Hundreds of pages of reports previously classified top-secret were released by the National Security Agency on Christmas Eve. They reveal dozens of instances of the NSA unlawfully spying on United States citizens over the last decade.

The cache of files — a collection of quarterly and annual reports sent from the NSA’s inspector general to the president’s Intelligence Oversight Board dating back to 2001— were published on Wednesday this week, pursuant to a lawsuit filed by the American Civil Liberties Union that has compelled the agency to provide public copies, albeit highly redacted ones, of the IG’s past findings.

A cursory glance though the documents shows NSA analysts wrongfully targeted US citizens for surveillance many times a year, and regularly collected signals intelligence, or SIGINT, on innocent Americans.

One document [PDF], a quarterly report compiled for the president’s Intelligence Oversight Board in early 2012, reveals that an NSA agent even routinely spied on her spouse for upwards of three years.

“In an interview,” the report reads in part, “…the analyst reported that, during the past two or three years, she had searched her spouse’s personal telephone directory without his knowledge to obtain names and telephone numbers for targeting.”

“Although the investigation is ongoing, the analyst has been advised to cease her activities,” the report continues.

Wednesday’s document dump was first spotted by Bloomberg News’ David Lerman, who wrote that the data suggests the NSA has violated either federal law or US policy for more than a decade.

“Because of the extensive redactions, the publicly available documents don’t make clear how many violations occurred and how many were unlawful. While the reports contain no names or details of specific cases, they show how intelligence analysts sometimes have violated policy to conduct unauthorized surveillance work,” Lerman wrote.
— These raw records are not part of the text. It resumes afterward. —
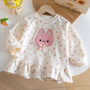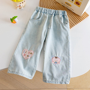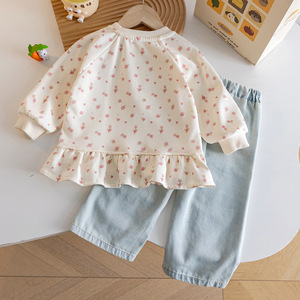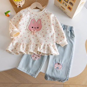 小女孩秋季小香风卡通套装韩范新款碎花小兔卫衣+阔腿爱心牛仔裤
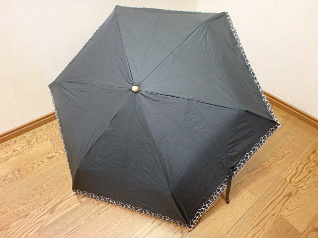 > 60s305k 折りたたみ傘 黒 花柄 兼用傘 UV 雨傘 HAMAGAKI YOSHI レディース 女性用 中古(北海道・沖縄・離島は発送不可)
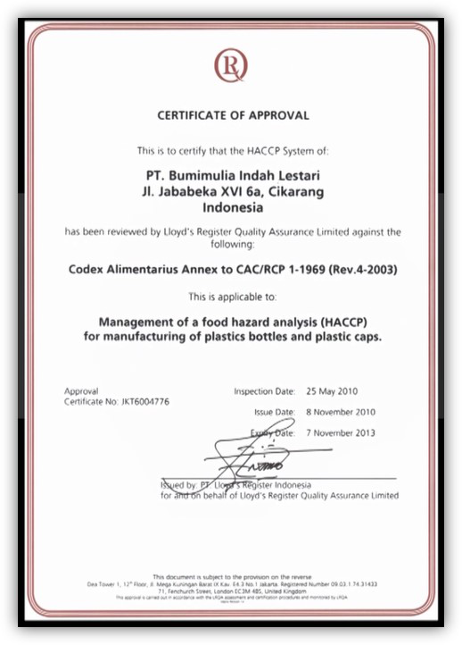 In 2014, Bumimulia was awarded the Food Safety System Certification 22000:2011 in manufacturing of rigid plastic packaging for food industry (bottle, cap and cup) which is the world’s leading certification for food management systems. This award shows our quality and seriousness toward food packaging as it is proved and certified internationally for its safety.

According to the information in the unredacted documents, human error, software flaws and ill-trained agents have all been blamed for policy breaches, in which American citizens were illegally subjected to NSA surveillance. These programs aimed to put foreigners’ internet records and phone logs in the hands of US intelligence for counterintelligence.

“NSA goes to great lengths to ensure compliance with the Constitution, laws and regulations,” the agency said in a statement accompanying Wednesday’s release. “As conveyed in the released materials, an array of technical and human-based checks attempt to identify and correct errors, some amount of which occur naturally in any large, complex system. Nevertheless, as the IOB reports make clear, NSA takes even unintentional errors seriously and institutes corrective action, typically involving at a minimum a combination of training and technical measures designed to prevent recurrences. Data incorrectly acquired is almost always deleted, referred to as the ‘purge’ process.”

The hundreds of pages published this week reveal that, in instances where the NSA admitted to wrongfully targeting US persons, data was destroyed. On some occasions, however, the issues at hand involved the dissemination of wrongfully collected material by and to persons unauthorized to access that information.

The reports show “how the NSA has misused the information it collects [sic] over the past decade,” Patrick Toomey, a staff attorney with the ACLU’s National Security Project, told the Wall Street Journal, and “…show an urgent need for greater oversight by all three branches of government.”